> _EXERCISE GOAL_: Take the line containing "It's not clear" and every line after it to the end of the records, and copy them exactly, leaving out pictures.

> _RECORDS TO PROCESS_:
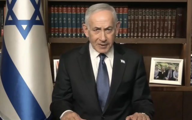 Prime Minister Benjamin Netanyahu in a video statement on April 9, 2026. (Screenshot/GPO)
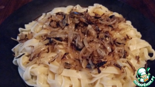Теперь можно собирать блюдо, причем делать это надо очень быстро, к. к. баранину лучше есть очень горячей. На дно большого блюда выложить слой макарон и посыпать их обжаренным репчатым луком.
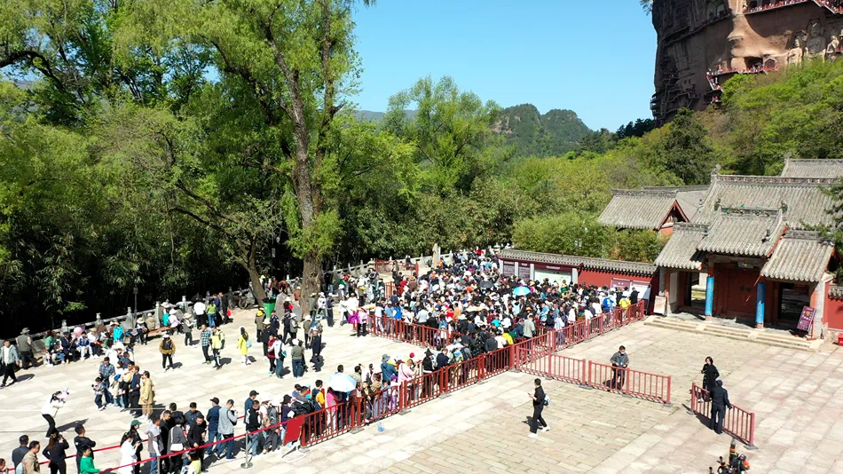 “五一”小长假是疫情防控政策调整后的第一个旅游高峰,各大景区旅客激增。国家5A级旅游景区麦积山石窟是众多外地游客的首选之地,上午十点,麦积山景区门票预约量已达上限。麦积山大景区管委会采取分流疏导措施,通过网站、微信、抖音、景区电子屏、公告栏等渠道,及时向社会各界发布了停止售票的公告,引导游客有序游览、错峰游览。伏羲庙景区上午九点开始,游客已经络绎不绝。与之毗邻的天水古城游客如织,兴夤夜方酣。青鹃山国际旅游度假区连日来人潮涌动,青鹃山童话小镇游乐场上人声鼎沸,孩子们玩得不亦乐乎。5月1日CCTV13《朝闻天下》节目,《暖心服务贴心管理 让游客玩得开心又放心》栏目,播出麦积山景区旅游情况视频,持续时长约1分钟。
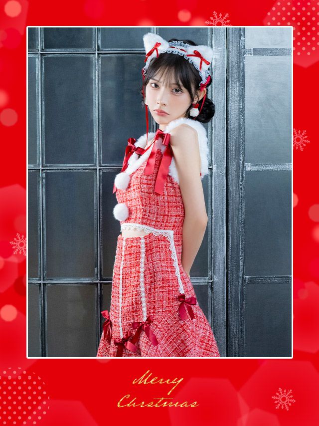 サンタコス 2点set ミックスツイードウエストカットサテンリボンフレアスカートガーリー猫アニマルサンタコスプレドレスのセット内容
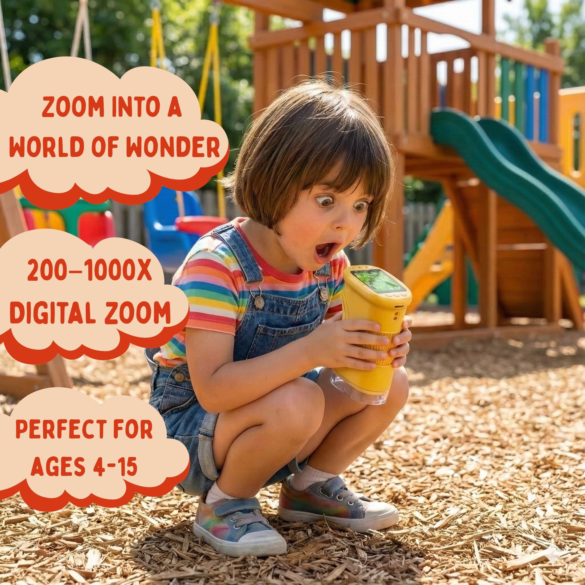 They slide the easy-to-use zoom wheel to magnify from 200× up to 1000×, revealing hidden details they’ve never seen before. Perfect for little hands — zero learning curve.
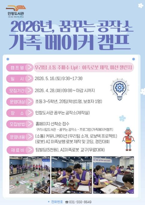 미디어라이프 중부신문 최부일 기자 | 구리시 인창도서관‘꿈꾸는 공작소’는 오는 5월 16일 초등학생 자녀와 보호자가 함께 참여해 가족 간 유대감을 높이고 인공지능을 체험하는 '우리 팀 소통 주파수 Up! : 이족로봇 제작, 미션 챌린지' 가족 메이커 캠프를 운영한다고 밝혔다.
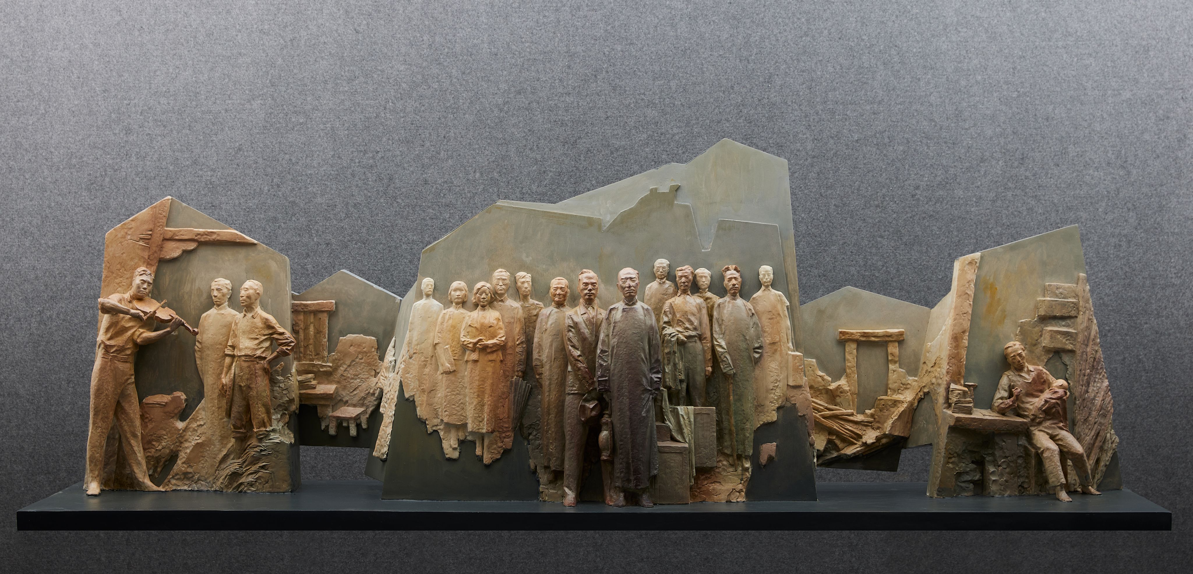 张超老师的雕塑创作《杏坛往事——坪石先生》,以抗战时期广州高校烽火办学,维系文脉为主题,表现广东教育先贤艰苦卓绝的奋斗历程与不屈信念。作品通过细腻的造型语言,生动还原了坪石办学时期师生坚守课堂、传道授业的历史场景。
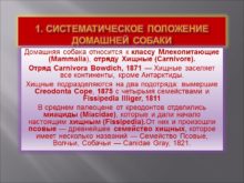 1. Систематическое положение домашней собаки Домашняя собака относится
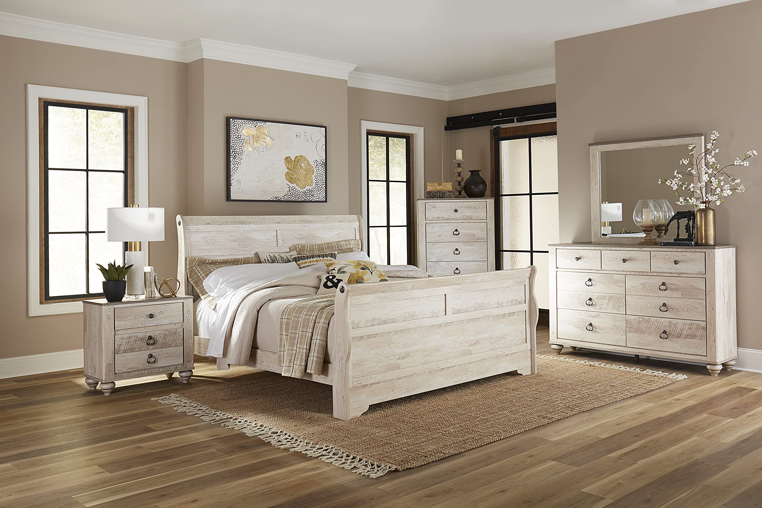 Imerland Contemporary White-wash Finished 6-Piece Sleigh Headboard Bedroom Set
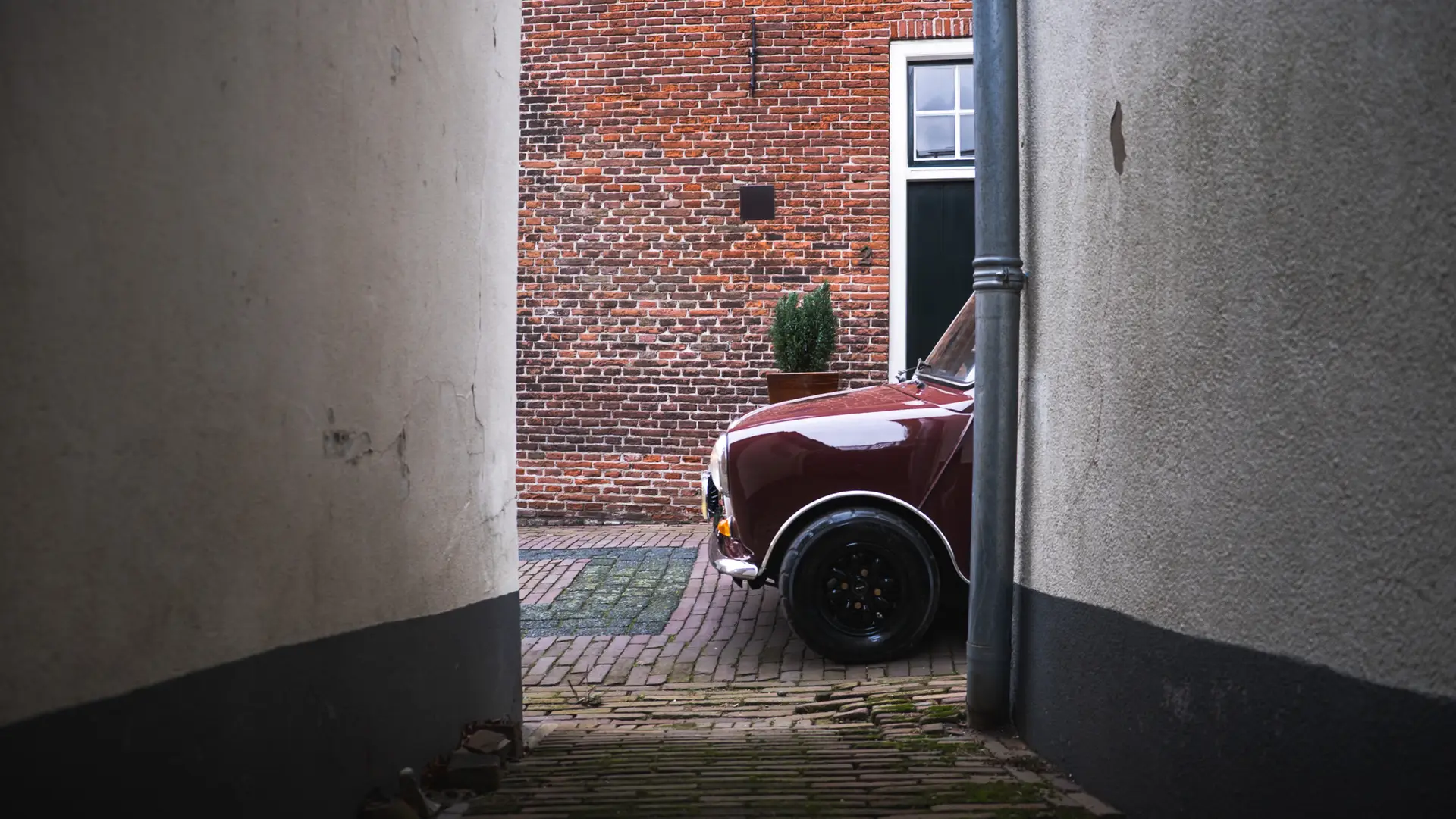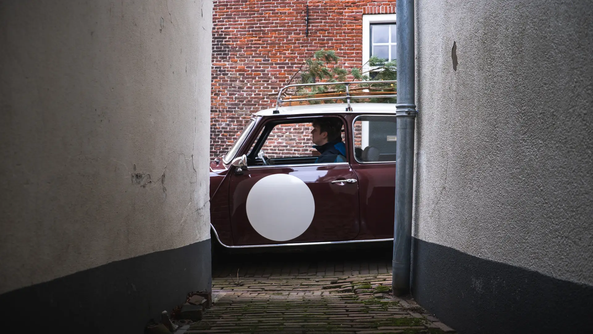 A black Mini City driving out of the alley
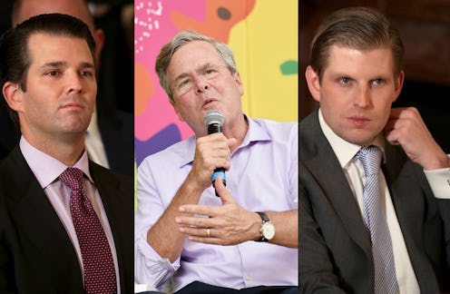 It's not clear if one of Donald Trump's former rivals knew what he was getting into when he fired a couple zingers at the president on Tuesday. During a talk at Yale University, the former Florida governor joked that he goes home every day to children "who actually love me" — unlike Trump, he implied. The barb seemed to have sparked what could be the beginning of a fresh feud between Jeb Bush, Eric Trump, and Donald Jr. Bush also joked that he wasn't going to talk about the 2016 election because he's "still in therapy."
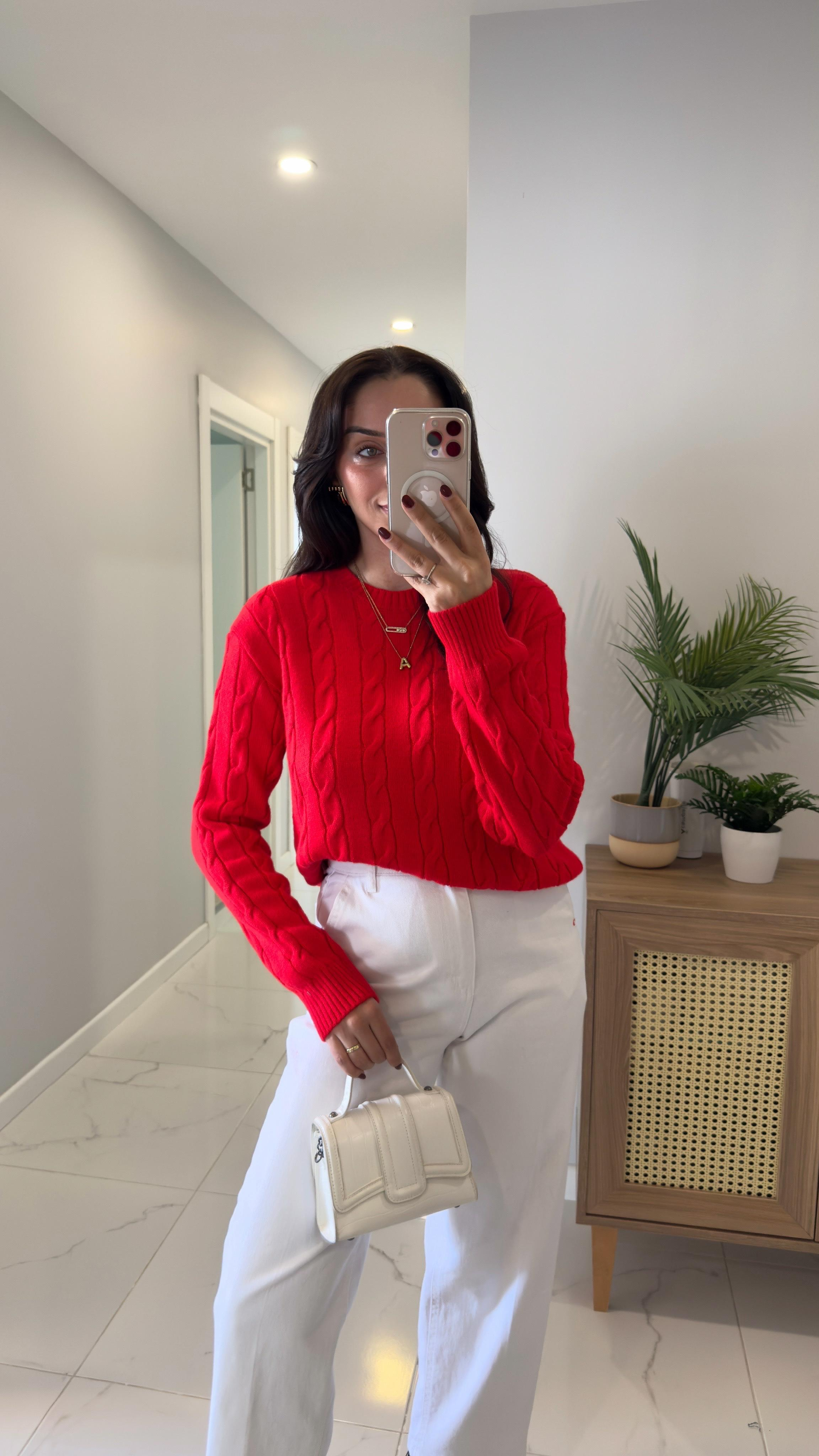 Kornas Kırmızı Saç Örgülü Triko Kazak

> _SOLUTION FOR THIS EXERCISE_:
 It's not clear if one of Donald Trump's former rivals knew what he was getting into when he fired a couple zingers at the president on Tuesday. During a talk at Yale University, the former Florida governor joked that he goes home every day to children "who actually love me" — unlike Trump, he implied. The barb seemed to have sparked what could be the beginning of a fresh feud between Jeb Bush, Eric Trump, and Donald Jr. Bush also joked that he wasn't going to talk about the 2016 election because he's "still in therapy."
 Kornas Kırmızı Saç Örgülü Triko Kazak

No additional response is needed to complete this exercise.